En écho au succès populaire de l’année dernière, « Qui a peur des artistes ? Une sélection d’œuvres de la François Pinault Foundation » (73'000 visiteurs et 4'000 catalogues vendus), la ville de Dinard renoue avec l’art contemporain. Via « Hope ! », une exposition sur l’Espoir, la ville réaffirme sa volonté de défendre avec éclat la création artistique d’aujourd’hui car elle croit en ses valeurs positives de transformation et de lien social, dans un contexte de décentralisation et de démocratisation culturelle.
Commanditée par Sylvie Mallet, maire de la Dinard, à Ashok Adicéam, le commissaire de l’exposition, cette exposition tente de
révéler le fil de l’espoir et de la grande marche des artistes, de 1960 à nos jours.
Le parcours s'organise tel un voyage initiatique en quatre temps, dont les trois premiers titres sont inspirés de la culture biblique - la Genèse, l’Exode et l’Apocalypse - et qui se termine avec la Grâce. Cette dernière « dénoue le fil de l’espérance dans une eschatologie spirituelle au cours de laquelle l’artiste se donne tout entier dans sa différence et sa vision du salut. C’est de cette efficacité de l’art dont il est question dans ce voyage : l’art peut-il aider à faire le deuil, et par cet apprentissage redonner la joie et le goût de vivre ? » (Ashok Adicéam)

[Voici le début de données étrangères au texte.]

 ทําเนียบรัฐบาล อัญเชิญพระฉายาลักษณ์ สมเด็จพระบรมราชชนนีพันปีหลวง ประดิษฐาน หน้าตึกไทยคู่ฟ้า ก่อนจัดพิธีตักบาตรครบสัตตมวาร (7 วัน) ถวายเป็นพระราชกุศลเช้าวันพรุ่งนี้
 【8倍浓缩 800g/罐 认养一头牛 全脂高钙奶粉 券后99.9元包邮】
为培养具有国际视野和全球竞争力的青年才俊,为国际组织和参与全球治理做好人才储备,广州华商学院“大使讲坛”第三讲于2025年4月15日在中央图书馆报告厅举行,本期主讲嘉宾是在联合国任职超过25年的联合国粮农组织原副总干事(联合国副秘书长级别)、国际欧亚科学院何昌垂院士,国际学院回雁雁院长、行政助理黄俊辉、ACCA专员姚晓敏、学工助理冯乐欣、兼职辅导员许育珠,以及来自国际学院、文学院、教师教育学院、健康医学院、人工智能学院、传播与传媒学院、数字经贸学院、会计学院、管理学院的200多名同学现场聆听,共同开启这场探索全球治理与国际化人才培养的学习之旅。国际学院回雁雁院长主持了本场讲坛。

Parmi la soixantaine d’œuvres de cinquante artistes, on retrouve des pièces d’artistes majeurs dans l’histoire contemporaine de l’art — comme celles de Richard Serra, Alighiero e Boetti, Takashi Murakami, Damien Hirst, Bill Viola, Martial Raysse, François Morellet, Ed Ruscha, Bernard Frize, Lucio Fontana —, qui dialoguent avec des créateurs incontestablement reconnus ou distingués récemment et durablement — comme Ugo Rondinone, Jean-Michel Othoniel, Mona Hatoum, Paola Pivi, Allora & Calzadilla, Pierre&Gilles, Gabriel Orozco, Matthew Day Jackson, Rashid Johnson, Mark Wallinger, Zhang Huan, Roni Horn, Claude Levêque... — sans oublier des découvertes comme l’argentin Charly Nijensohn, les artistes coréens Do Ho Suh et Jin Meyerson ou les français de Kolkoz.

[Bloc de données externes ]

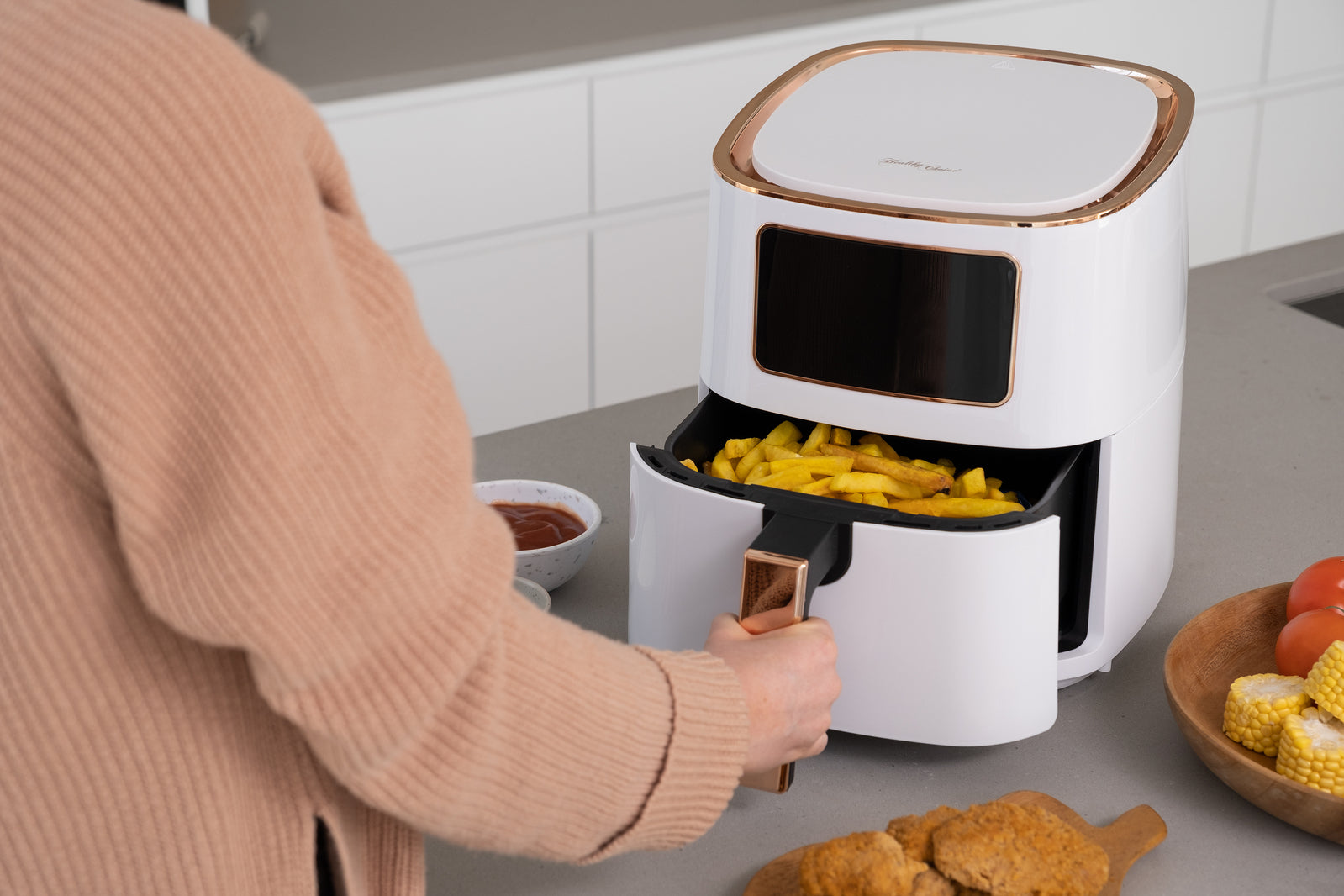 7L Digital Air Fryer (White Rose Gold) 1700W, <200°C, 8 Cooking Settings
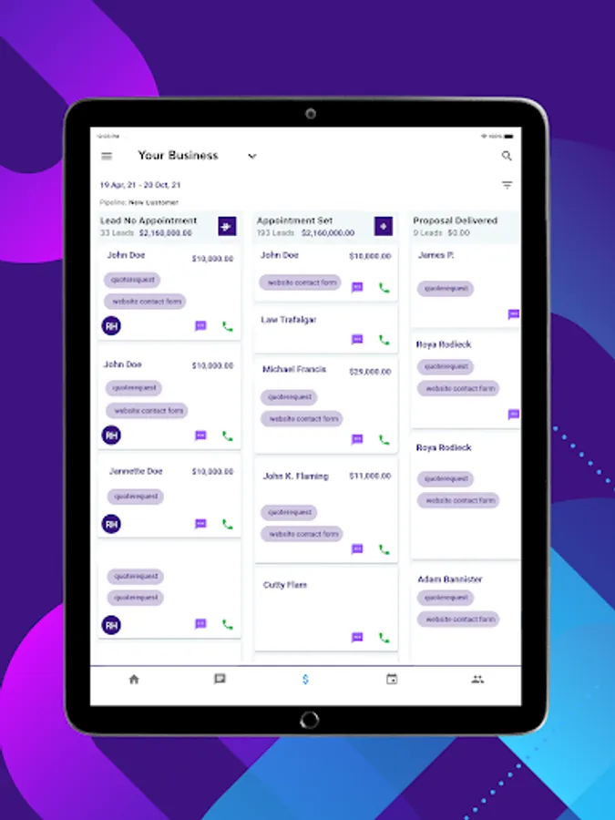 Track all incoming leads leaving "No Lead Left Behind"! View and customize sales pipelines, track all incoming opportunities, tag leads with potential revenue, fully customized Missed Call Automations, Voicemail Drops, Power Dialer.

On y découvre également des surprises de taille comme L’homme qui marche de Giacometti, les photographies édifiantes de Wim Wenders, ou le portrait par Yan Pei-Ming du président Obama. Enfin, des œuvres bouleversantes de sept artistes iraniens rendent compte de l’espoir et de la créativité de cette scène importante du Moyen Orient : Fahrad Moshiri, Shirazeh Houshiary, Rokni Haerizadeh, Reza Aramesh, Farideh Lashai, Reza Derakshani, Sara Rahbar...

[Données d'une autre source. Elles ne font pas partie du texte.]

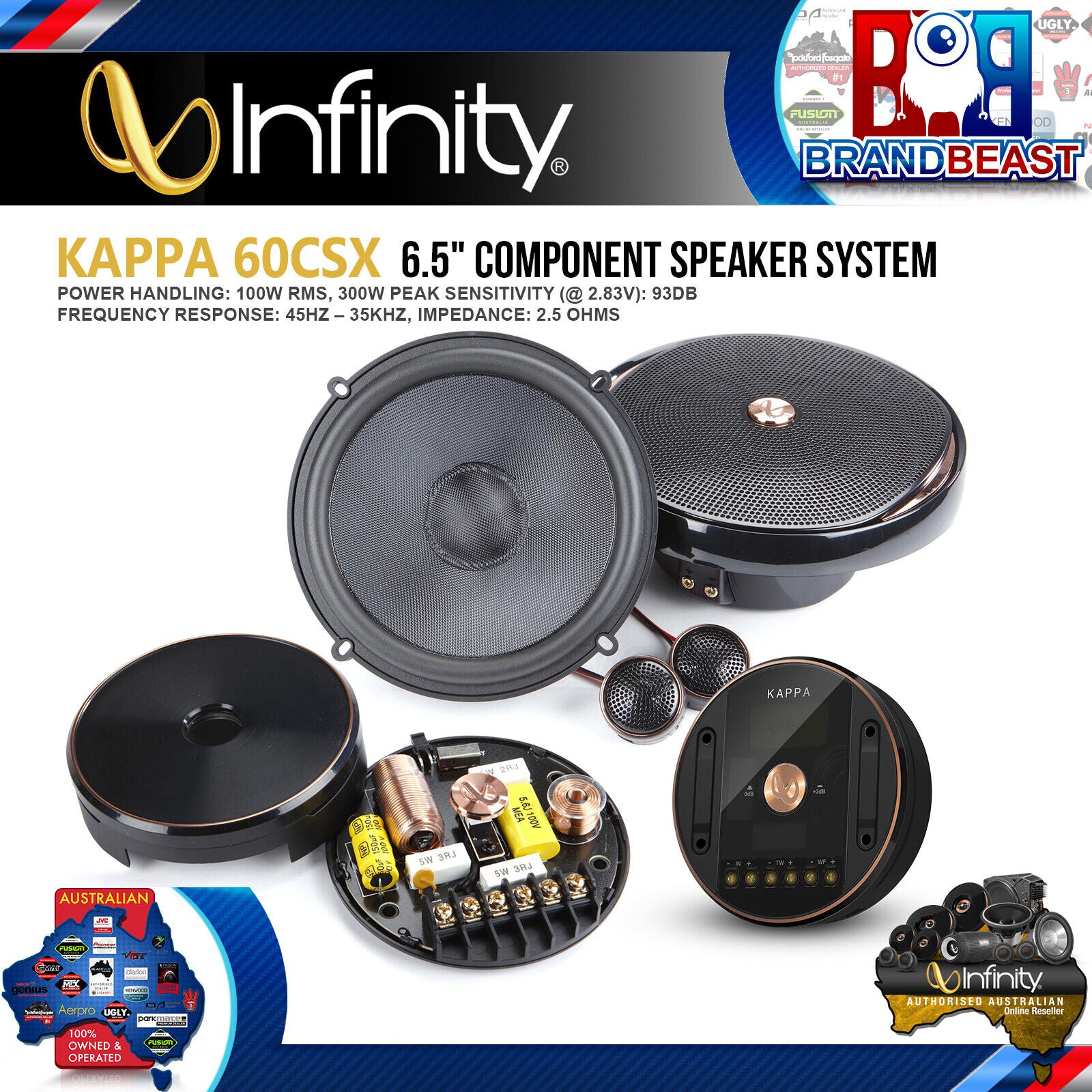 Speakers are individually tuned with outboard passive crossovers using audiophile grade inductors and capacitors to assure high quality audio versus “off-the-shelf” sound. This means that specifications as well as speaker characteristics are considered when tuning the Infinity sound.

Les quatre temps de l'exposition expliqués par Ashok Adicéam
La Genèse : « Entrée en matière... En ouverture de ce voyage initiatique auquel le visiteur est invité à prendre part, il est fait référence au minimalisme, sa rigueur formelle, la place qu’elle laisse au hasard et à la matière, sa froideur aussi, auquel les artistes comme Richard Serra, Lucio Fontana, François Morellet, Alighiero e Boetti et Bernard Frize appartiennent ou rendent hommage [...] Cette Genèse a mis au monde une Terre qui, conquise et habitée par les hommes, est devenue une vaste sphère en mouvements perpétuels, inscrivant la mobilité au cœur de son histoire et de sa géographie. C’est une planète recréée par des femmes qui nous est offerte avec pédagogie : dans le néon de Mona Hatoum qui prévient des menaces et des conflits, dans la photographie par Yto Barrada d’un objet en bois pour enfants illustrant les mouvements de dérives des continents ; et avec cette mappa tissée de soie par les femmes afghanes (qui ont eu le choix de la couleur des océans) dans l’œuvre de Alighiero e Boetti. »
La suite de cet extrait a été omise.